» Task objective:
Look in the listing below for the line that has "Der erst 19-Jährige", then return it and each following line up to and including the one with "Fitted bodycon silhouette", exactly and without pictures.

--- Data provided Enclosed Below ---

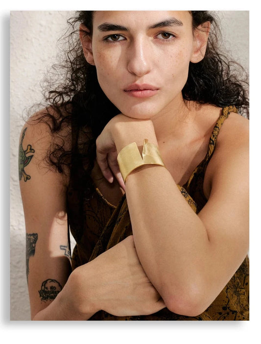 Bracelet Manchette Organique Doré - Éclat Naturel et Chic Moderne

--- End of Enclosed Data provided ---
--- Data provided Enclosed Below ---

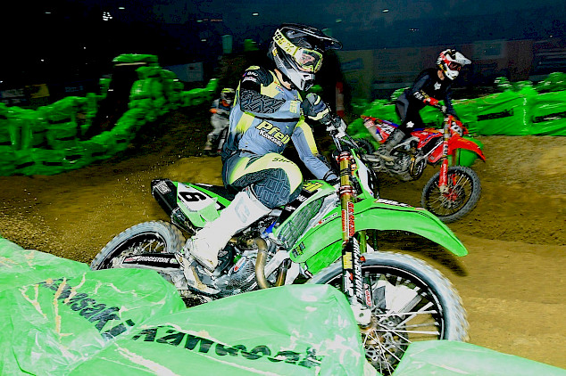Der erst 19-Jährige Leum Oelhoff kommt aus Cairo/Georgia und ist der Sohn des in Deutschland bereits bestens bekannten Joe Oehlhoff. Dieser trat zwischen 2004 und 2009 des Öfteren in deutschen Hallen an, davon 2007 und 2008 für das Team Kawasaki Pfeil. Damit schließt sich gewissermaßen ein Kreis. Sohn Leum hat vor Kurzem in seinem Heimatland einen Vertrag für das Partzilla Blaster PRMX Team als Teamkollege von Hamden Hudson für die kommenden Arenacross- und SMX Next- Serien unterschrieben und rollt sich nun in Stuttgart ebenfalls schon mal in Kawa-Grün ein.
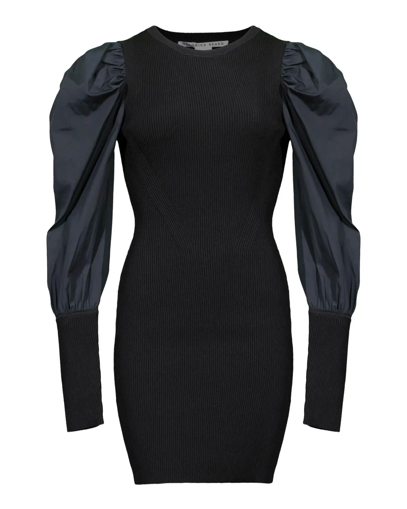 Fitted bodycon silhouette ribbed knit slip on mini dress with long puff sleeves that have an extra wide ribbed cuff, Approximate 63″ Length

--- End of Enclosed Data provided ---

» Problem solution:
Der erst 19-Jährige Leum Oelhoff kommt aus Cairo/Georgia und ist der Sohn des in Deutschland bereits bestens bekannten Joe Oehlhoff. Dieser trat zwischen 2004 und 2009 des Öfteren in deutschen Hallen an, davon 2007 und 2008 für das Team Kawasaki Pfeil. Damit schließt sich gewissermaßen ein Kreis. Sohn Leum hat vor Kurzem in seinem Heimatland einen Vertrag für das Partzilla Blaster PRMX Team als Teamkollege von Hamden Hudson für die kommenden Arenacross- und SMX Next- Serien unterschrieben und rollt sich nun in Stuttgart ebenfalls schon mal in Kawa-Grün ein.
 Fitted bodycon silhouette ribbed knit slip on mini dress with long puff sleeves that have an extra wide ribbed cuff, Approximate 63″ Length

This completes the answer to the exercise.